The one-two combo of 1) better performance on linux & 2) jemalloc seeming to fix the issue lured me into believing that the allocator was to blame. I’m not sure what the lesson here is – perhaps more proof of Cunningham’s law? https://en.wikipedia.org/wiki/Ward_Cunningham#Cunningham's_L...

3 comments

Thanks for following up. Just as an FYI, there's a few bugs in your implementation, the most obvious one is the use of ".len()" in a number of places interspersed with ".chars().count()". These two return different values. ".len()" returns then number of UTF-8 bytes in the input string, which for ASCII is the same as ".chars().count()" obviously, but if you do attempt any Unicode characters, your function won't work. ".chars()" provides Unicode Scalar Values (USVs) -- which is a subset of code points, excluding surrogate pairs [1]. Note also this is not the same as a Go rune, which is a code point including surrogate pairs.

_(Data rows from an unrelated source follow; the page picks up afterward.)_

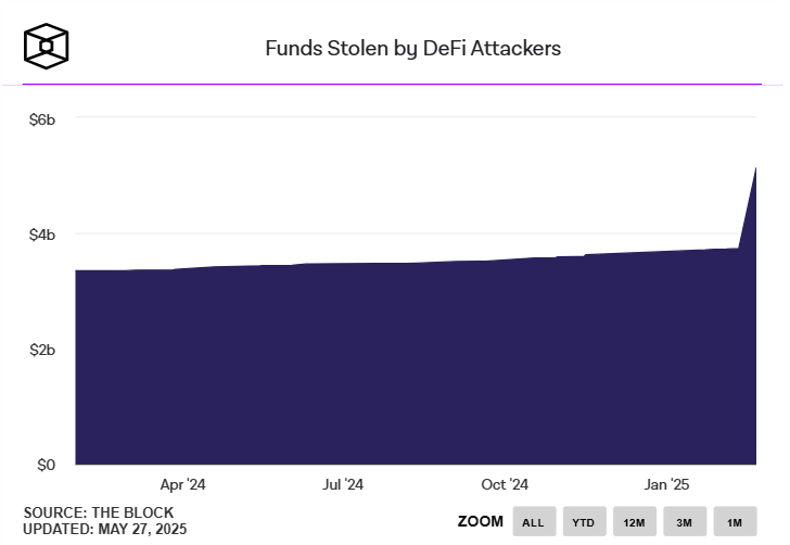 بر اساس داشبورد دادههای دبلاک، هکرها تاکنون در مجموع بیش از ۵.۳ میلیارد دلار از پروتکلهای دیفای سرقت کردهاند.
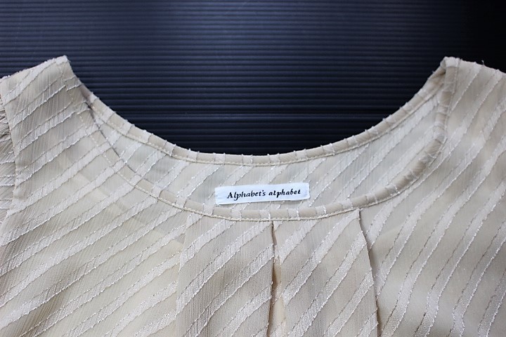 > 美品*Alphabet's alphabet*アルファベッツ アルファベット*薄ベージュ*シフォン*斜めストライプ柄*2重フレア半袖*バルーン*ワンピース*F
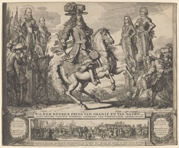 Editor: Here we have "De Dioscuren" by Antonio Tempesta, created sometime between 1565 and 1630. It’s an engraving printed on metal and housed in the Rijksmuseum. There's something so striking about the way the human figures and horses mirror each other, and how everything is arranged so symmetrically. What’s your perspective on this piece? Curator: It’s a fascinating print precisely because of that rigid symmetry and the grand pronouncements about artistic rivalry inscribed at the bottom. Think about this image circulating amongst an elite 17th-century audience steeped in classical history and contemporary artistic debates. Tempesta's print acts as a visual argument about cultural authority, doesn’t it? Editor: Cultural authority? Can you expand on that? Curator: Certainly. Consider the prominent display of Latin text. The inscriptions directly reference not only Phidias and Praxiteles – celebrated sculptors of antiquity – but also Pope Sixtus V and his restoration of Roman monuments. This positions the papacy as a champion of classical ideals and a patron of artistic excellence. Don't you think this elevates the standing of Rome at a time when its cultural dominance was being challenged by other European powers? Editor: I see what you mean. The Pope is actively shaping Rome’s image through art. So, this isn’t just a depiction of classical sculpture, but a statement about the power of institutions to shape narratives? Curator: Exactly. This image reflects how institutions used and continue to use art to bolster their public image. Furthermore, look at how meticulously Tempesta renders every detail. It is not merely showing you the statues; he is showing you the active reconstruction and reinterpretation of a past, presented for a very particular present. Editor: It’s amazing how a print of some statues can be so loaded with political meaning. Thanks, that's a completely different perspective. Curator: My pleasure. Seeing art through its historical context often reveals layers we might otherwise miss.
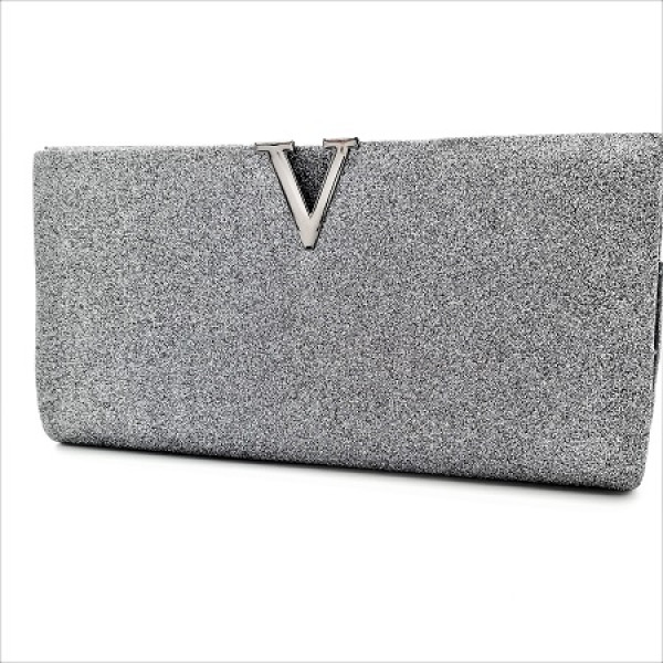 Представяме ви една истинска красота – дамска вечерна чанта-клъч в сребрист цвят. Изработена със ситен брокат, тази чанта блести, докато металната буква "V" в тъмно сребрист цвят добавя нотка на лукс и елегантност.
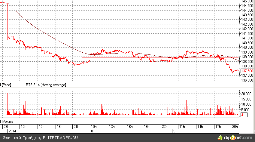 На графике ниже вы можете увидеть, что цена фьючерса на индекс РТС существенно долго выше 139 000 пунктов пока зацепиться не смогла.
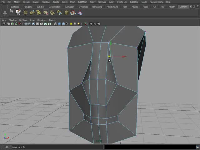 Using Maya we will model a basic head shape. The main idea here is to create a base low poly mesh that has all the primary edges.
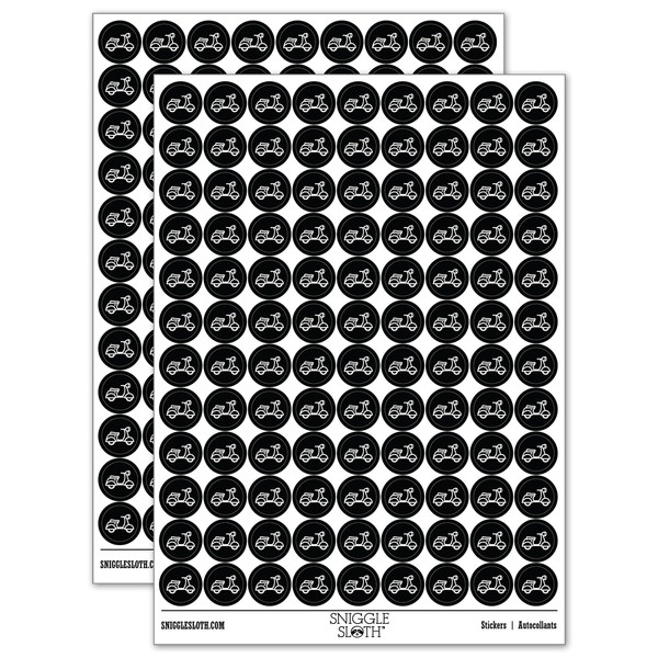 Moped Scooter Motor Vehicle 200+ Round Stickers - Matte Finish - 0.50" Size - Black
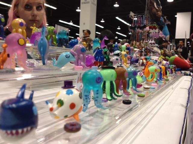 This array of whimsical handmade toys is from Victoria Rose and Ann Sidenblad's booth, Rawrz Toys. Lovely stuff! http://rawrztoys.com/
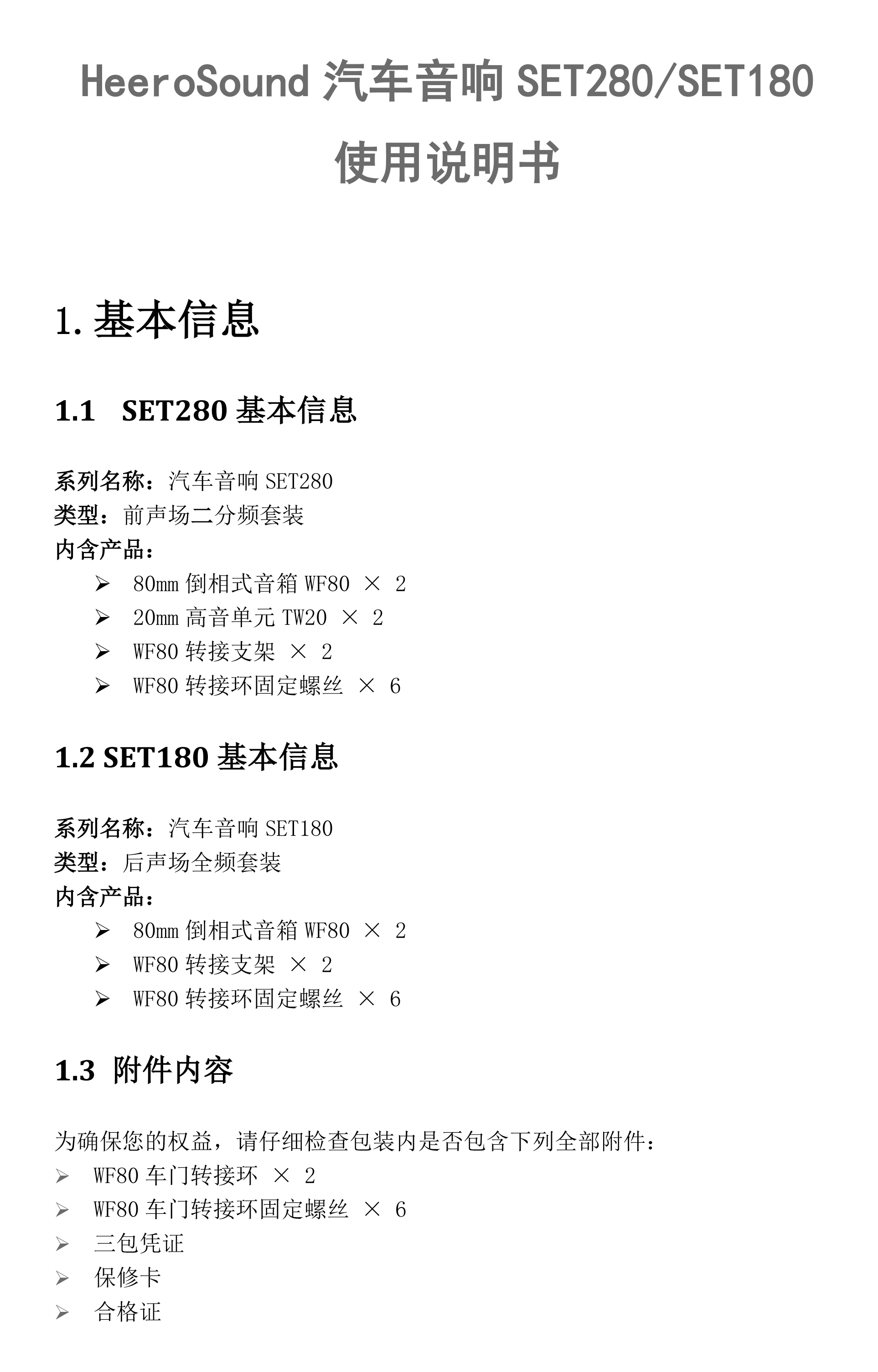 HeeroSound汽車音響SET280/SET180使用說明書

Secondly, you re-implemented "std::cmp::min" at the bottom of the file, and I'm not sure if the stdlib version is more optimized.

Lastly, well, you caught the issue with repeated passes over the string.

I've fixed the issues if you're curious: https://gist.github.com/martinmroz/2ff91041416eeff1b81f624ea...

Unrelated, I hate the term "fake news" as it's an intentional attempt to destroy the world public's faith in news media. It's a cancer on civilized society. Somewhere your civics teacher is crying into some whiskey, even though of course you're joking.

[1] http://www.unicode.org/glossary/#unicode_scalar_value

This doesn't even begin to get into the question of what Levenshtein Distance even means in a Unicode context. What's the Levenshtein Distance of 3 emoji flags? I suppose we should be segmenting by grapheme clusters and utilizing a consistent normalization form when comparing, but Rust has no native support for processing grapheme clusters -- or for normalizations I believe. The UnicodeSegementation crate might help.

Based on some cursory research, the go version differs in a more subtle way too. A Rune is a Code Point, which is a superset of the Rust "char" type; it includes surrogate pairs.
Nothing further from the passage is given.